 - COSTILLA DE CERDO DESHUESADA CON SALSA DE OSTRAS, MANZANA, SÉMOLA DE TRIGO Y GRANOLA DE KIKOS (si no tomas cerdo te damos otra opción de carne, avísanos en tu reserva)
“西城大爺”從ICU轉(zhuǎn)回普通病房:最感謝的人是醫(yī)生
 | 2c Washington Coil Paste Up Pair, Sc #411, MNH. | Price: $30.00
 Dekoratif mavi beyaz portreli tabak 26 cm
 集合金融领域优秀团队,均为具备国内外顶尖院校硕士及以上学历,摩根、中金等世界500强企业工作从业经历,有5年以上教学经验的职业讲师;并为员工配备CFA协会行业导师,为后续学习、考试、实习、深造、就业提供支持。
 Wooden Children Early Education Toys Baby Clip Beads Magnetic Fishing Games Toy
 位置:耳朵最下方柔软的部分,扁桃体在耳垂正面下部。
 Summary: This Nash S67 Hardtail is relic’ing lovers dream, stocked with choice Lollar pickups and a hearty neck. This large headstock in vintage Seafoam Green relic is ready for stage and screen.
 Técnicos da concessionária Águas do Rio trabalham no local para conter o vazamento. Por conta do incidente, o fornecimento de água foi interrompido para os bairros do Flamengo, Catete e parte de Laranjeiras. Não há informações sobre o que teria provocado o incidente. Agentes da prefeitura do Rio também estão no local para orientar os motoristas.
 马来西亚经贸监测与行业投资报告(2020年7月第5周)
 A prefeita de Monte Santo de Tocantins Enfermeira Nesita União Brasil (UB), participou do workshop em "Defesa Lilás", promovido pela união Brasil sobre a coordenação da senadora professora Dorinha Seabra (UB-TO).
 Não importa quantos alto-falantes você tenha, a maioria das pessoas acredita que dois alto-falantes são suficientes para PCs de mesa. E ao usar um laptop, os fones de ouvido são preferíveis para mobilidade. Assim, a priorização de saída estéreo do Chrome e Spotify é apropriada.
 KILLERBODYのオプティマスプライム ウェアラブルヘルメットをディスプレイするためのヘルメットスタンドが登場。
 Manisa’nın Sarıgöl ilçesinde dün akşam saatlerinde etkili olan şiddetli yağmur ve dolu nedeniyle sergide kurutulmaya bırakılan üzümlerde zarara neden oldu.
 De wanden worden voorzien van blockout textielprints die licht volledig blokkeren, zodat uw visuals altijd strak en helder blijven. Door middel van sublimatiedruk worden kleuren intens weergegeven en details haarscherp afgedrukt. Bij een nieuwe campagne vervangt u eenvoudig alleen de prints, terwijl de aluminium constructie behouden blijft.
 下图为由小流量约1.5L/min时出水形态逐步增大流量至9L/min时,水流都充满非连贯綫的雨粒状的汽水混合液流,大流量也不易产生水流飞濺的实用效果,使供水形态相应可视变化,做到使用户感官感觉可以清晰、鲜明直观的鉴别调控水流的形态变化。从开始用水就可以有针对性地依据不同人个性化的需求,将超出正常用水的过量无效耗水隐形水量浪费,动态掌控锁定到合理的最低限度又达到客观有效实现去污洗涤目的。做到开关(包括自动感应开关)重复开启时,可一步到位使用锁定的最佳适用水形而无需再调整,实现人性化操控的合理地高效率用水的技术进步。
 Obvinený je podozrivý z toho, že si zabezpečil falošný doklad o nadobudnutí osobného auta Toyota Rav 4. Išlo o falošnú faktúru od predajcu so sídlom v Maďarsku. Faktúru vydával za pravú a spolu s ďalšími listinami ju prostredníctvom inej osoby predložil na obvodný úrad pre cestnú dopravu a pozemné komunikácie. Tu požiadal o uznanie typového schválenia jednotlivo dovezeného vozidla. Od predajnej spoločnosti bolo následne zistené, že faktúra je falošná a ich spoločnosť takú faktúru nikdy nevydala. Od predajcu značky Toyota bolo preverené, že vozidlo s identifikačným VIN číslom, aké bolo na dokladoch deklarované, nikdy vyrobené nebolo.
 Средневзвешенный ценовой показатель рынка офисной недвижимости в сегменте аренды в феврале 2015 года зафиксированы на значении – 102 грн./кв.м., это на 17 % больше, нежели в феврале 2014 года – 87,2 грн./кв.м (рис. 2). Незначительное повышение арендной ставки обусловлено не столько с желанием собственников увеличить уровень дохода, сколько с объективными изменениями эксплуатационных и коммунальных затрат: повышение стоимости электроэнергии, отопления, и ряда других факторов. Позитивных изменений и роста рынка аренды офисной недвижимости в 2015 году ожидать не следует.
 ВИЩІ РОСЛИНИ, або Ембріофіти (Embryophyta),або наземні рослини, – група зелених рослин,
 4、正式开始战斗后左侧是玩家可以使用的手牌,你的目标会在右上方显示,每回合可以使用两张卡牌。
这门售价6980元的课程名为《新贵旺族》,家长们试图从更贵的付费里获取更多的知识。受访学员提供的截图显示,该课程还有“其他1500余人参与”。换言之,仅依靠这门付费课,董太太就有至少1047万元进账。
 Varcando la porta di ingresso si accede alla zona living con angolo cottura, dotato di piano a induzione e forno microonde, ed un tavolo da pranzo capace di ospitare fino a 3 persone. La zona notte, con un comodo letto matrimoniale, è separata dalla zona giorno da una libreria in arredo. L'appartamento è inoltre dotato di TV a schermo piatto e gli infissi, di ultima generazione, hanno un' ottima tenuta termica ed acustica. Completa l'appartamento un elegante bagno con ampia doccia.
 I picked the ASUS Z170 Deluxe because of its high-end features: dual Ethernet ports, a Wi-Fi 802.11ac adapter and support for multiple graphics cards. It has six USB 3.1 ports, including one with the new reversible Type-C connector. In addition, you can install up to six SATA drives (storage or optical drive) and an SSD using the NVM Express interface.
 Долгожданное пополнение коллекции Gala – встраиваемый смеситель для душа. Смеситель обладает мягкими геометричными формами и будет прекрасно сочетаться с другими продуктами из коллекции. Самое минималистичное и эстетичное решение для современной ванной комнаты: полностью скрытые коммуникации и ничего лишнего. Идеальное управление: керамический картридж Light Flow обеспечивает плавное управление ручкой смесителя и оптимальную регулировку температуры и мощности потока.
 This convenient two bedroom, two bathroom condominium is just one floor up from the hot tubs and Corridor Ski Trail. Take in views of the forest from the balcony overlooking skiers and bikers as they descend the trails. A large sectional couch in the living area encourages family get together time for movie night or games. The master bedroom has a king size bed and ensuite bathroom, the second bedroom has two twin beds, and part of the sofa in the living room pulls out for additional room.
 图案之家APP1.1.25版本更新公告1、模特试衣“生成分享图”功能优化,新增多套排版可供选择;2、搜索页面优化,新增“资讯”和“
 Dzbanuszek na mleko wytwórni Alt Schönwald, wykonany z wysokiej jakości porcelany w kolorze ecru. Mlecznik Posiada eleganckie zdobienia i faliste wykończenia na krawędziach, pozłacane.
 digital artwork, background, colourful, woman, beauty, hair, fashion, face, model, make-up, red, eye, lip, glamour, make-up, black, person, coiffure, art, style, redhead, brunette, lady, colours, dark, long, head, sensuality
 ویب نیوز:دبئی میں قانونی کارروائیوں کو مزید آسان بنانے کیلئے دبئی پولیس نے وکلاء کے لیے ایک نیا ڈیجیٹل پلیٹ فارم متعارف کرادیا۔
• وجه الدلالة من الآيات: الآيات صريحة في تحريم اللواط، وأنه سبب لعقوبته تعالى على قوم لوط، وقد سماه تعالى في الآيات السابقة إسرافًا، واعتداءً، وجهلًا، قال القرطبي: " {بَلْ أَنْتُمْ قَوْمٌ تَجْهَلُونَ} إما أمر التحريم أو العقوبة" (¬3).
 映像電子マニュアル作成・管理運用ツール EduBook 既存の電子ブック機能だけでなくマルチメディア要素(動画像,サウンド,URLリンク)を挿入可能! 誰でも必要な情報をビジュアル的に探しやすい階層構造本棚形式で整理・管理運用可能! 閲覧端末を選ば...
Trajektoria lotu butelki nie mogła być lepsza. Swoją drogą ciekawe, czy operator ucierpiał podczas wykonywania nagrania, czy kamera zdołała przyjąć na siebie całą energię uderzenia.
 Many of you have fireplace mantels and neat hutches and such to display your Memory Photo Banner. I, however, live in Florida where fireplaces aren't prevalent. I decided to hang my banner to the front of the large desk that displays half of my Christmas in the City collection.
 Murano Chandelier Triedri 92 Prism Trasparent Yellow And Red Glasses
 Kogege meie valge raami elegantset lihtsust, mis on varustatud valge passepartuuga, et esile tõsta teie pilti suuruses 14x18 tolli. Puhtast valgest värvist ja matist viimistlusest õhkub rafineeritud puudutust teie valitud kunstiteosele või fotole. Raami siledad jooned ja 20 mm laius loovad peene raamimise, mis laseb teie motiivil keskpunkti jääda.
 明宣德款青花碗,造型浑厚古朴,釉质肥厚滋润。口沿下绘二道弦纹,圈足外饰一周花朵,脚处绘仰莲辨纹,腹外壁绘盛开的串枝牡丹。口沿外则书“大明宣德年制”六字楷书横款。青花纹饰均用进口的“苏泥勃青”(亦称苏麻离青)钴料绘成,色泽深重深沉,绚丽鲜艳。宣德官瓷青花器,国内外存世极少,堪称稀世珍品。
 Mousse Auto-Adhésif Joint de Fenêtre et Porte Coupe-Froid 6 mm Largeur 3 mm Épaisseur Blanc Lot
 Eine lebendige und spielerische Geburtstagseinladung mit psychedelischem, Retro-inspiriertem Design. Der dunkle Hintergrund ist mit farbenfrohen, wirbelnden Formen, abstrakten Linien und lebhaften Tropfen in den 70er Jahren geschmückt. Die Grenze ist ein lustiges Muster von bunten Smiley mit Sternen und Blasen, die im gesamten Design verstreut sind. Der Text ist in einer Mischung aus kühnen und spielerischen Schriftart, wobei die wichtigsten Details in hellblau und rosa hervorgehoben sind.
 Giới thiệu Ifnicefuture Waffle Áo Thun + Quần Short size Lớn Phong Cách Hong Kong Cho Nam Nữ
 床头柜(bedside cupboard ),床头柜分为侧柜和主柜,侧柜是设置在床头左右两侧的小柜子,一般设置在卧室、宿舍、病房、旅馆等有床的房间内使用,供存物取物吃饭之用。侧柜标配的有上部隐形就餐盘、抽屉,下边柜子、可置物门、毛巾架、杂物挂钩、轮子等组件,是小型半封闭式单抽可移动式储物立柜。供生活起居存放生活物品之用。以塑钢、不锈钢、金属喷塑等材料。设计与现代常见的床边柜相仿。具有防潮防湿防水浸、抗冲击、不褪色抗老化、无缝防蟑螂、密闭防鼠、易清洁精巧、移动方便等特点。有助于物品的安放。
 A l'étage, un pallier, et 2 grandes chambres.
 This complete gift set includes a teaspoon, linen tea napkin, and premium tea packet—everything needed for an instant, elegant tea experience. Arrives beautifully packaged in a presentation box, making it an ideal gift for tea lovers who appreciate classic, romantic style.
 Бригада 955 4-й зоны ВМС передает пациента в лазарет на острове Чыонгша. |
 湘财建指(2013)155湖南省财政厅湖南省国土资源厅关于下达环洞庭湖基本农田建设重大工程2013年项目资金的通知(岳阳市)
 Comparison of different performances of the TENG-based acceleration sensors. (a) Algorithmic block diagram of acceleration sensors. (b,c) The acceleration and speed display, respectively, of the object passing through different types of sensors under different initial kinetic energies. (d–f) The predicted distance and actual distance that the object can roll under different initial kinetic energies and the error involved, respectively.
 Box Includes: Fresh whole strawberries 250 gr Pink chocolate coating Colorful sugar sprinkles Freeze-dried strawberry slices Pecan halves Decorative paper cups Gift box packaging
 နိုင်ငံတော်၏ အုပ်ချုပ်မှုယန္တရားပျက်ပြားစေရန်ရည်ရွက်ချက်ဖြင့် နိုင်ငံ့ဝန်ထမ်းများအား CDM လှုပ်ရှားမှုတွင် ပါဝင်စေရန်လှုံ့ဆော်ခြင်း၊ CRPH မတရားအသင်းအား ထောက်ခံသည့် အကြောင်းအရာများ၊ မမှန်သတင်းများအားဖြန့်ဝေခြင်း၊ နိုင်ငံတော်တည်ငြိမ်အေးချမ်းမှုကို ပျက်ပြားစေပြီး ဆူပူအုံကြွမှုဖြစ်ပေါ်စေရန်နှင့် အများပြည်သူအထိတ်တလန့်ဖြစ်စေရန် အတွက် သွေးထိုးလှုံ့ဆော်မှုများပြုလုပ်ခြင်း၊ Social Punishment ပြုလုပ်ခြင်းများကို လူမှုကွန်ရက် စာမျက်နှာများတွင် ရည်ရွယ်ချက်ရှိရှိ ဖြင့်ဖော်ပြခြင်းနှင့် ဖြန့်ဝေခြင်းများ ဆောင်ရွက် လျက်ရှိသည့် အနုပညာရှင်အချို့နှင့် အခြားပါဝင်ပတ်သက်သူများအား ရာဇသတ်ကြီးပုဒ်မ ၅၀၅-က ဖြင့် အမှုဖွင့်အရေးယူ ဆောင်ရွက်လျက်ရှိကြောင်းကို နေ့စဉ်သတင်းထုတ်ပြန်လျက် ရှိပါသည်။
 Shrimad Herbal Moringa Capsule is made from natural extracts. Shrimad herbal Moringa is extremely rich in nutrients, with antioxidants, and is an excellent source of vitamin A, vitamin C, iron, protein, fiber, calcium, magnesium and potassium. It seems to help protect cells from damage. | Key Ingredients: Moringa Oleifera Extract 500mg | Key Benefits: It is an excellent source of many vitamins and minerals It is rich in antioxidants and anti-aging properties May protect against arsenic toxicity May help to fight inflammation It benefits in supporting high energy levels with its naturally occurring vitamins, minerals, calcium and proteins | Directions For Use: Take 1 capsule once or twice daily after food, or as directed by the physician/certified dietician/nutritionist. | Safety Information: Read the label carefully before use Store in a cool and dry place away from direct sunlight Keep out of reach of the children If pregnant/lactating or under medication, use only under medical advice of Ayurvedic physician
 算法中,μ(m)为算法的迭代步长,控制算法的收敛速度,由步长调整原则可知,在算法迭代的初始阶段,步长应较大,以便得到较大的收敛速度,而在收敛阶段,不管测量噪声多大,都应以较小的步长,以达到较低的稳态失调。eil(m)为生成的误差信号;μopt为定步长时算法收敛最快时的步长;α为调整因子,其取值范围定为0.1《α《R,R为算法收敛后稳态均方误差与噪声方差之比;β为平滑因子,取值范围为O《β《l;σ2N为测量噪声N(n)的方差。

----

# [About this exercise]
Go through the data and show each line that holds "size".

# [Task solution]
 This convenient two bedroom, two bathroom condominium is just one floor up from the hot tubs and Corridor Ski Trail. Take in views of the forest from the balcony overlooking skiers and bikers as they descend the trails. A large sectional couch in the living area encourages family get together time for movie night or games. The master bedroom has a king size bed and ensuite bathroom, the second bedroom has two twin beds, and part of the sofa in the living room pulls out for additional room.
 Giới thiệu Ifnicefuture Waffle Áo Thun + Quần Short size Lớn Phong Cách Hong Kong Cho Nam Nữ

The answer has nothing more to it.